As a CEO or senior executive, your job is to detect these strategies?and implement them--before your competitors.

That's where this book comes in.

Author George Stalk has often been called a guru of business strategy. In the 1980s, before anyone else saw its importance, he and his colleagues at The Boston Consulting Group developed the concept of time-based competition: how meeting the needs of your customers faster than your competitors can give you an unassailable advantage.

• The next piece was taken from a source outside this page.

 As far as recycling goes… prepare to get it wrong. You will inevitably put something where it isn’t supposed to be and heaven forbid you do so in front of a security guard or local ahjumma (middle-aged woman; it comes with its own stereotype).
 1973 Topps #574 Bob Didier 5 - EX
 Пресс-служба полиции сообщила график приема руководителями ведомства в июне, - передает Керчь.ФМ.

In this Memo to the CEO, Stalk discusses five strategies that have not yet become widely practiced but are nonetheless worthy of your attention now. He offers advice on how to identify and manage them while they still present opportunities to jump ahead of the competition. They are:

Addressing supply chain deficiencies

One example of a supply chain crisis is the growing lack of West Coast port capacity. Stalk reviews the strategic implications of this problem, reveals its impact, and recommends specific courses of action.

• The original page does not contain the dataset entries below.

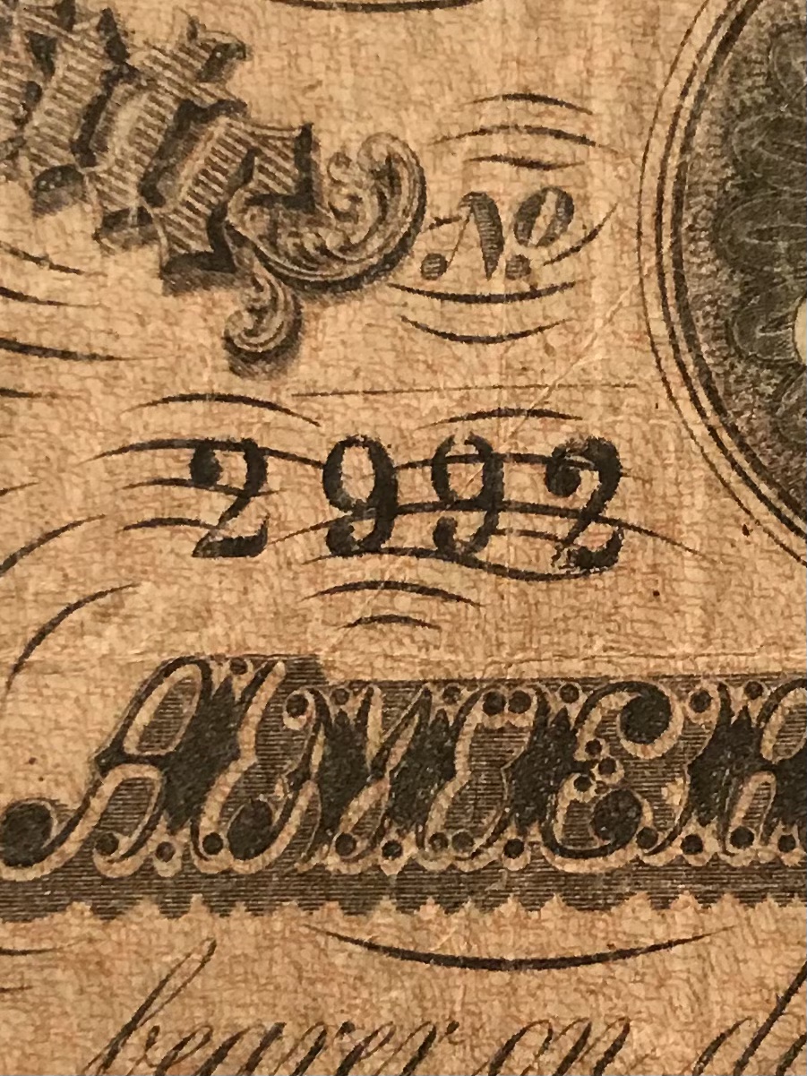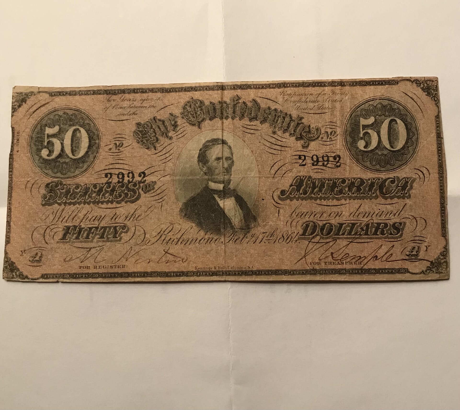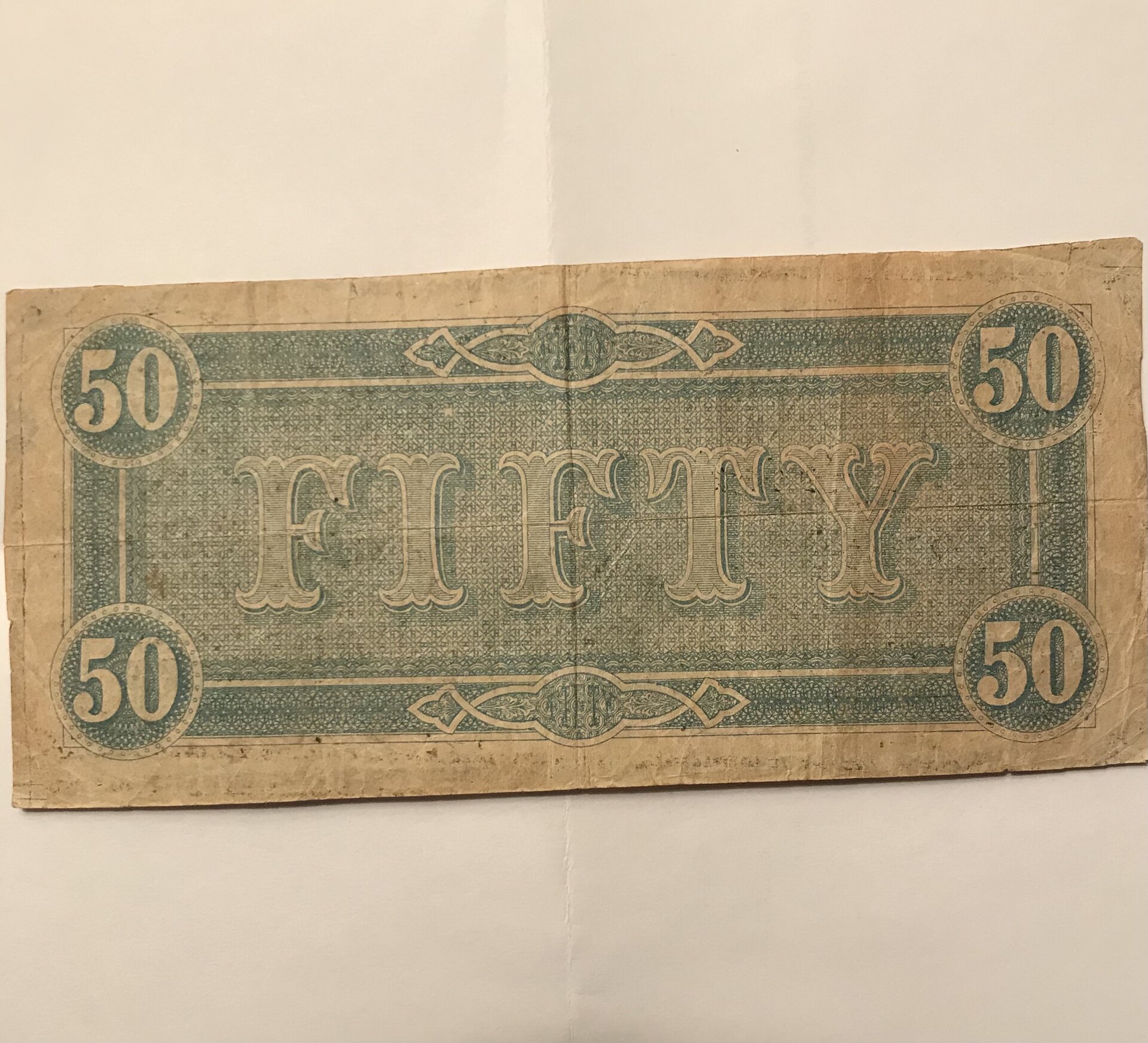 This is a genuine Confederate States of America Note from the Civil War. I just bought this one and it arrived yesterday. I already have this note but it was a very low asking price and I bought it because of the Serial Number. It’s a radar note, 2992 with plate position A. It has folds, the left side is trimmed very tight, there are a few very small nicks on the edges and it has 2 pin holes. Pin holes are acceptable but they do lower the value of the note. How much depends on the size of the hole and how many holes there are. This note would be graded in VF. It was issued on February 17th, 1864. It had a face value of $50.00. Just another little Christmas bonus to me, from me, as I’ve been very good this year. Lol
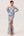 Vit Blå Blomma V-hals Slida Tryck Långärmad Brudtärna Klänning med slits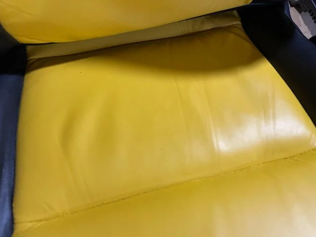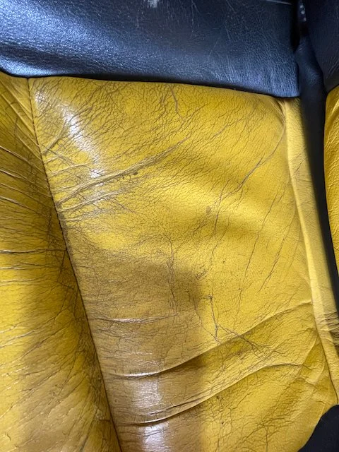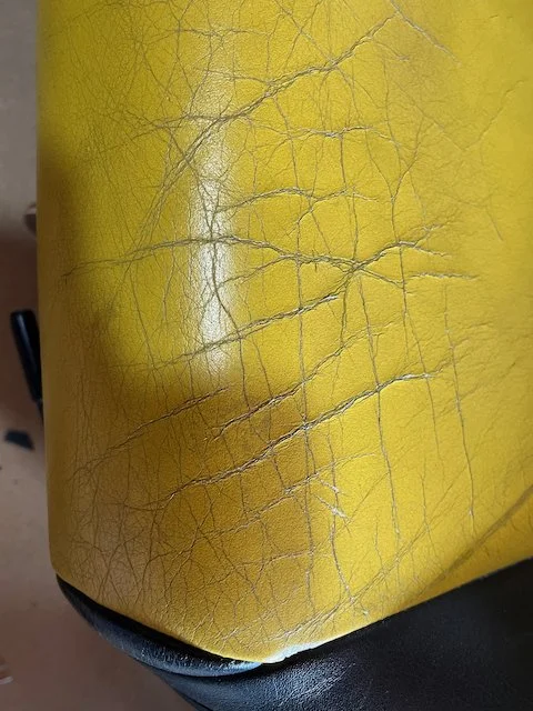 Prominent cracking across the yellow leather centre panels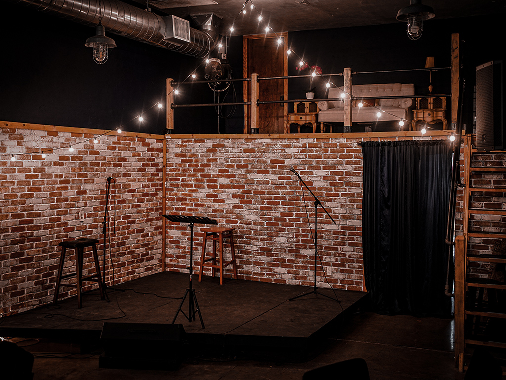705 1/2 is our 39-seat black box theater. The backstage area is equipped with a bathroom, kitchenette , and lofted dressing room space. Perfect for readings, rehearsals, workshops and performances.

Sidestepping economies of scale

Many business leaders are reexamining their assumptions about the benefits of scale. Scaling down, not up, and building "disposable factories" and even "disposable strategies" are becoming new keys to lowering costs and boosting performance.

Profiting from dynamic pricing

Today, using real-time data, it is increasingly possible to match the price of your product or service with the immediate, second-by-second needs of the customer.

Embracing complexity

Simplicity is the mantra of the day. But with examples from a few leading-edge companies, Stalk shows that embracing complexity can achieve competitive advantage.

Utilizing infinite bandwidth

In a world of infinite bandwidth, companies that know how to take advantage of it become more productive, efficient, and profitable, and create entirely new businesses along the way.

Written in a refreshingly clear, concise format, Five Future Strategies You Need Right Now is filled with actionable ideas for seizing these emerging strategic opportunities.


CUSTOMER REVIEWS (Average Customer Rating: 5.0 based on 9 reviews)

Sound Strategies  
The purpose of this book is to alert business leaders to strategies that they should be implementing to achieve competitive advantage. As is pointed out in the introduction, the strategies are not brand new. They've been kicked around for a while, and most have been road tested. According to the author, "their sources of advantage are not only clear but undeniable."

The five strategies are: Supply Chain Gymnastics, Side Stepping Economies of Scale, Dynamic Pricing, Embracing Complexity, and Infinite Bandwidth.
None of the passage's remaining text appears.